**Input data**

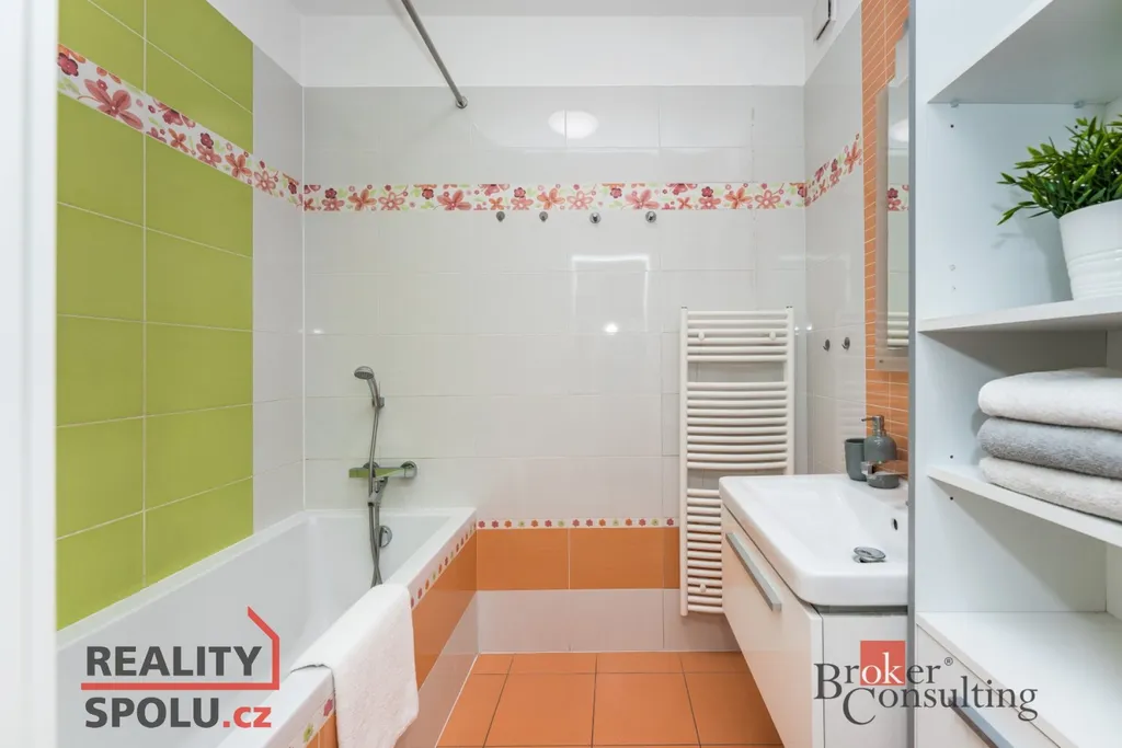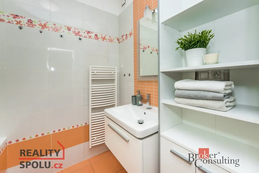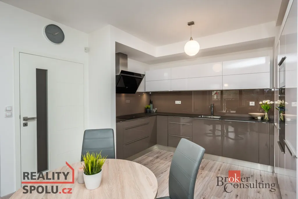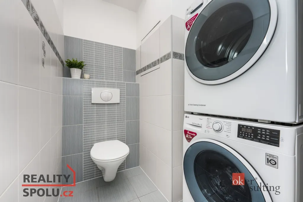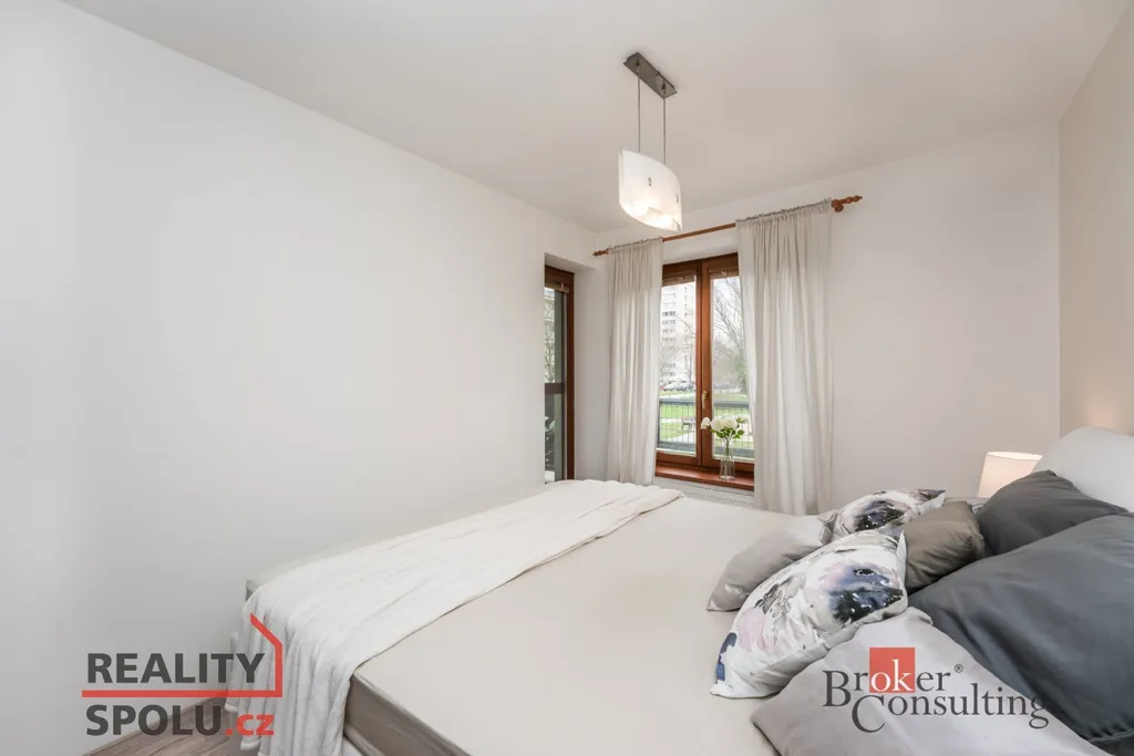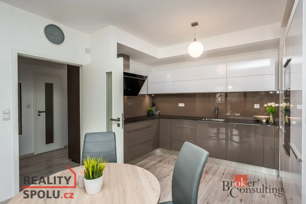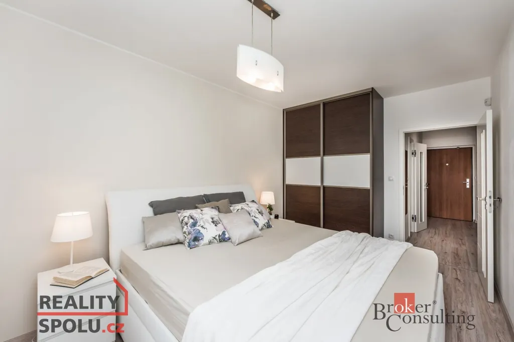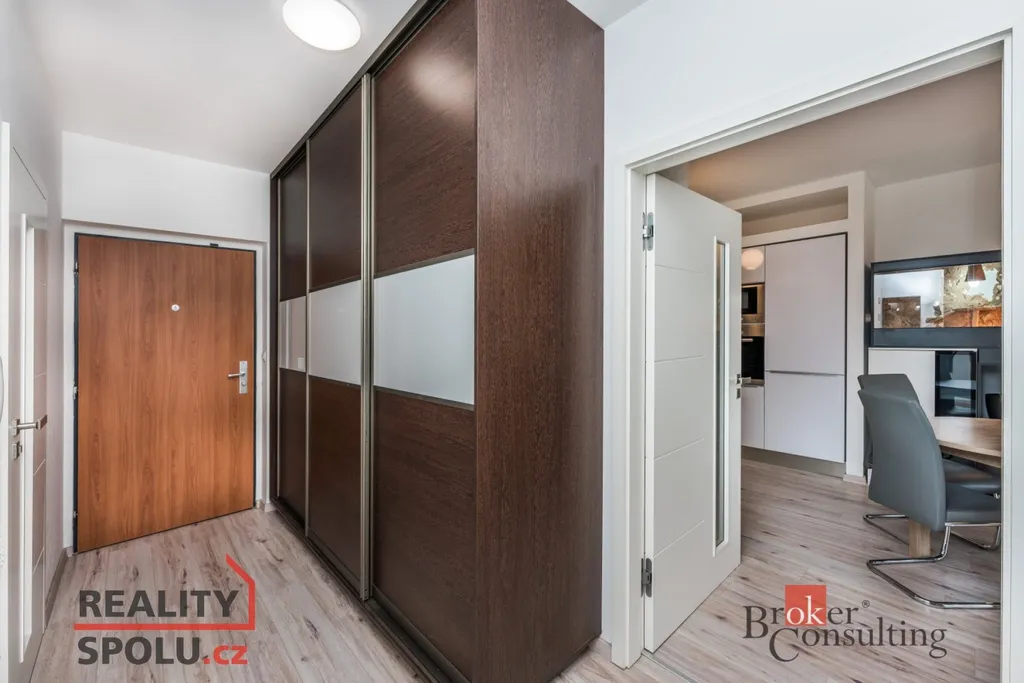 Kuchyňská linka značky Hanák je vybavena vestavěnou myčkou, horkovzdušnou troubou, mikrovlnnou troubou, lednicí, mrazákem, indukční deskou a digestoří. Obývací stěna, též značky Hanák, je součástí pronájmu společně s jídelním stolem, židlemi, šatními skříněmi a koupelnovou skříňkou. K bytu dále náleží sklep, prostorná lodžie se vstupem z obývacího pokoje i ložnice a společná zabezpečená kolárna.
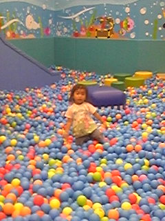 ボールのプールでやっぱり楽しそうに遊んでました。
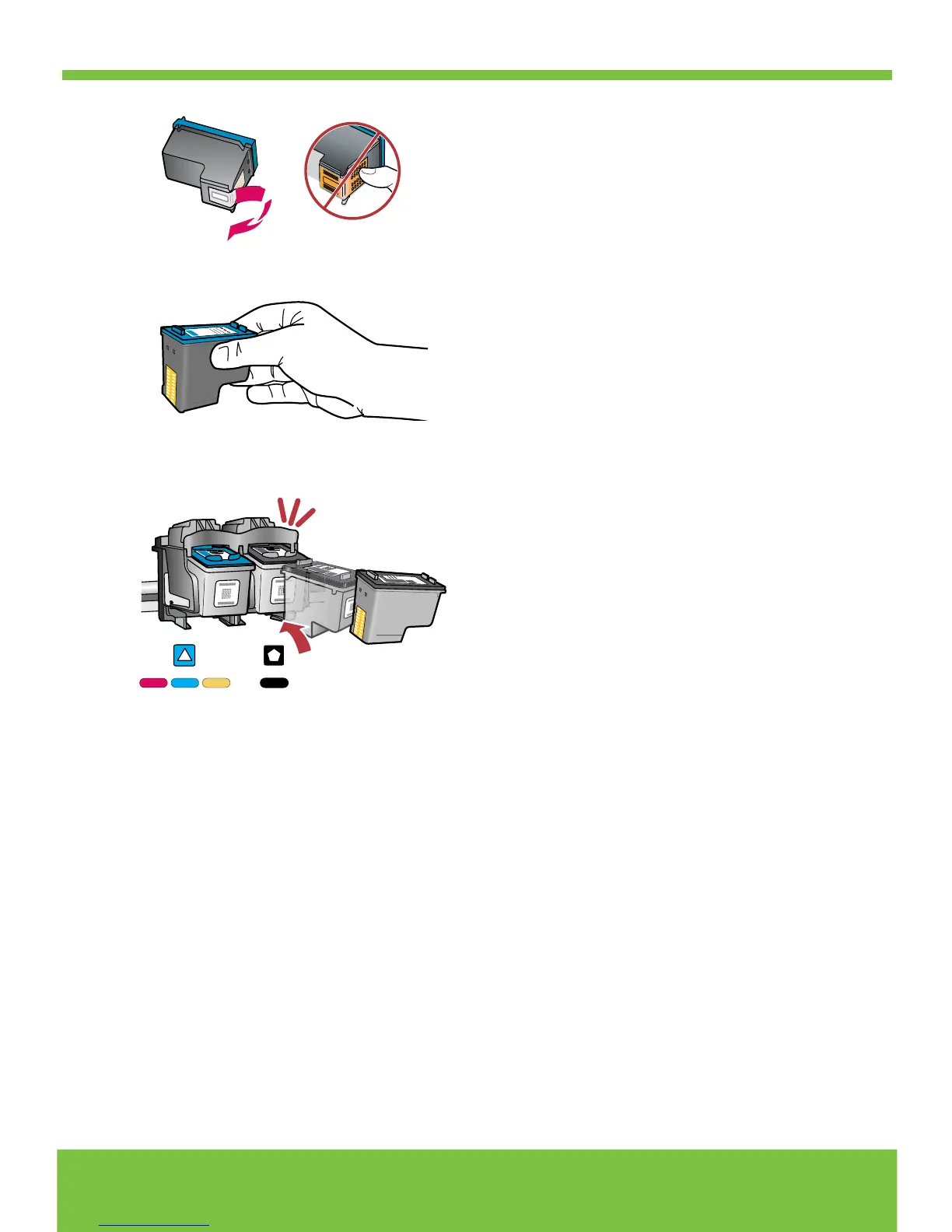 Kartrid tiga warna masuk ke slot kartrid kiri dan

**Problem requirements**
Whenever a picture appears in the listing, leave it out; copy everything else exactly.

**Reply to the exercise**
 Kuchyňská linka značky Hanák je vybavena vestavěnou myčkou, horkovzdušnou troubou, mikrovlnnou troubou, lednicí, mrazákem, indukční deskou a digestoří. Obývací stěna, též značky Hanák, je součástí pronájmu společně s jídelním stolem, židlemi, šatními skříněmi a koupelnovou skříňkou. K bytu dále náleží sklep, prostorná lodžie se vstupem z obývacího pokoje i ložnice a společná zabezpečená kolárna.
 ボールのプールでやっぱり楽しそうに遊んでました。
 Kartrid tiga warna masuk ke slot kartrid kiri dan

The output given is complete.